This tutorial aims to introduce you to the concept of Exploratory Data Analysis (EDA), a crucial step in the data analysis pipeline. By the end of this tutorial, you will have a good understanding of EDA and be able to apply various EDA techniques to explore and visualize your data.
Upon completing this tutorial, you will be able to:
You should have a basic understanding of Python and libraries like Pandas, Matplotlib, and Seaborn. Familiarity with statistics will be beneficial but is not compulsory.
EDA is an approach to analyze datasets to summarize their main characteristics, often with visual methods. It's a critical step before going ahead with Machine Learning or Data Science because it provides a context for the problem which you're trying to solve.
Data Collection: Gather the data from various sources like CSV files, databases, web scraping, and more.
Data Cleaning: Handling missing data, outliers, and incorrect data types.
Data Analysis: Performing statistical analysis on the data to discover patterns and relationships.
Data Visualization: Creating plots to visually represent the data and findings.
We will be using the famous Titanic dataset for this tutorial.
import pandas as pd
import matplotlib.pyplot as plt
import seaborn as sns
# Load the data
df = pd.read_csv('titanic.csv')
# Display the first 5 rows of the dataframe
df.head()
# Checking for missing values
df.isnull().sum()
# Getting the statistical summary of the data
df.describe()
# Creating a histogram for the Age column
plt.hist(df['Age'])
plt.title('Age Distribution')
plt.xlabel('Age')
plt.ylabel('Frequency')
plt.show()
In this tutorial, we learned about EDA and its importance in the data analysis pipeline. We also learned how to perform basic EDA techniques using Python and its libraries like Pandas, Matplotlib, and Seaborn.

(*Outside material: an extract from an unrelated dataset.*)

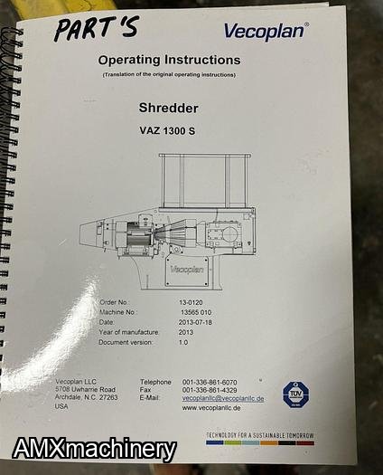 PARTE: 12591 - TRITURADORA - ASTILLADOR MADERA - 100 HP – VERTICAL – VECOPLAN

For further learning, you can explore more advanced statistical methods and visualization techniques. Also, try to apply EDA on different datasets to get a feel for it.

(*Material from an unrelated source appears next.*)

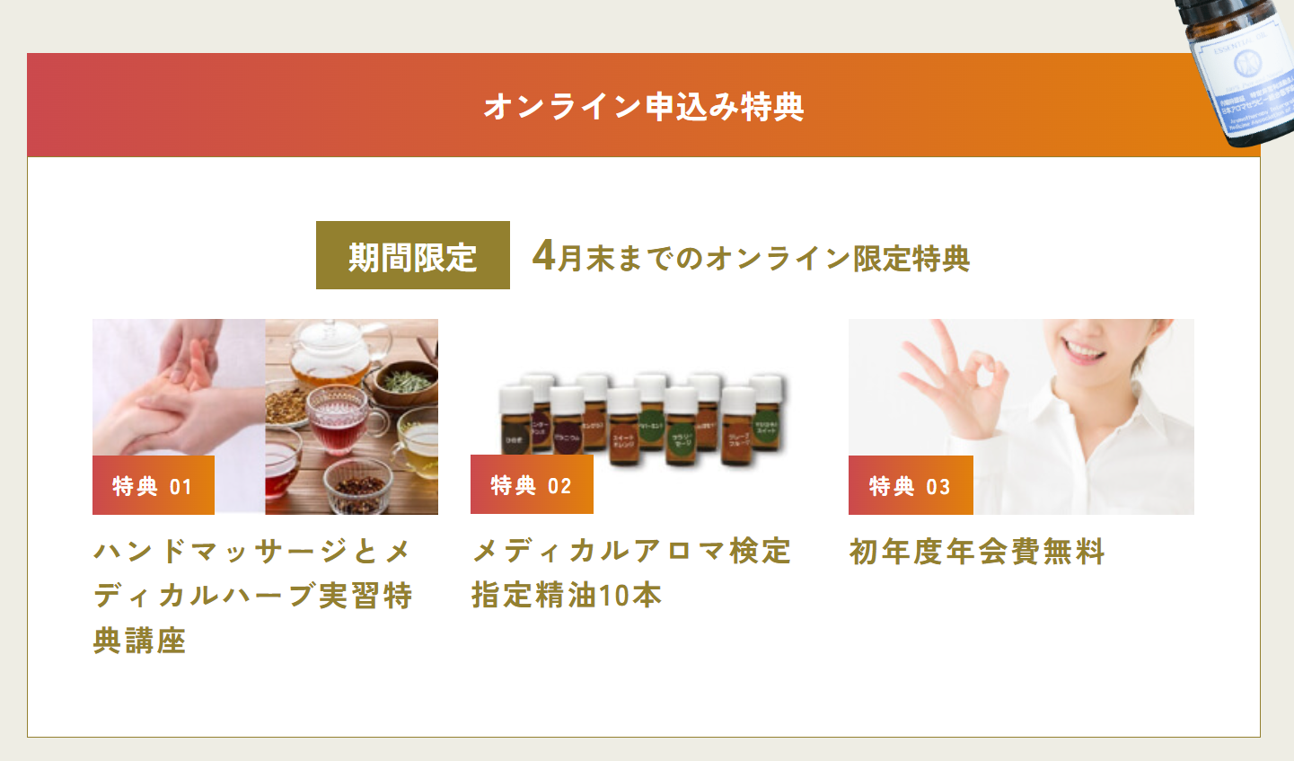 会場費や人件費を徹底的にカットできるオンラインだからこそ実現したこの価格。さらに、資格取得時の初年度年会費(7,000円分)が免除されるという、家計を預かる世代にはたまらない配慮もされています。浮いたお金で、新しい精油を買い揃えたり、将来の独立資金に回したりと、賢い自己投資が可能です。

Perform EDA on the 'Iris' dataset and visualize the distribution of the features.
Find the outliers in the 'Boston Housing' dataset and handle them.
Analyze the 'Wine Quality' dataset and find the relationship between different features and the quality of the wine.
Remember, the key to getting better at EDA is practice. So keep exploring different datasets and uncovering insights.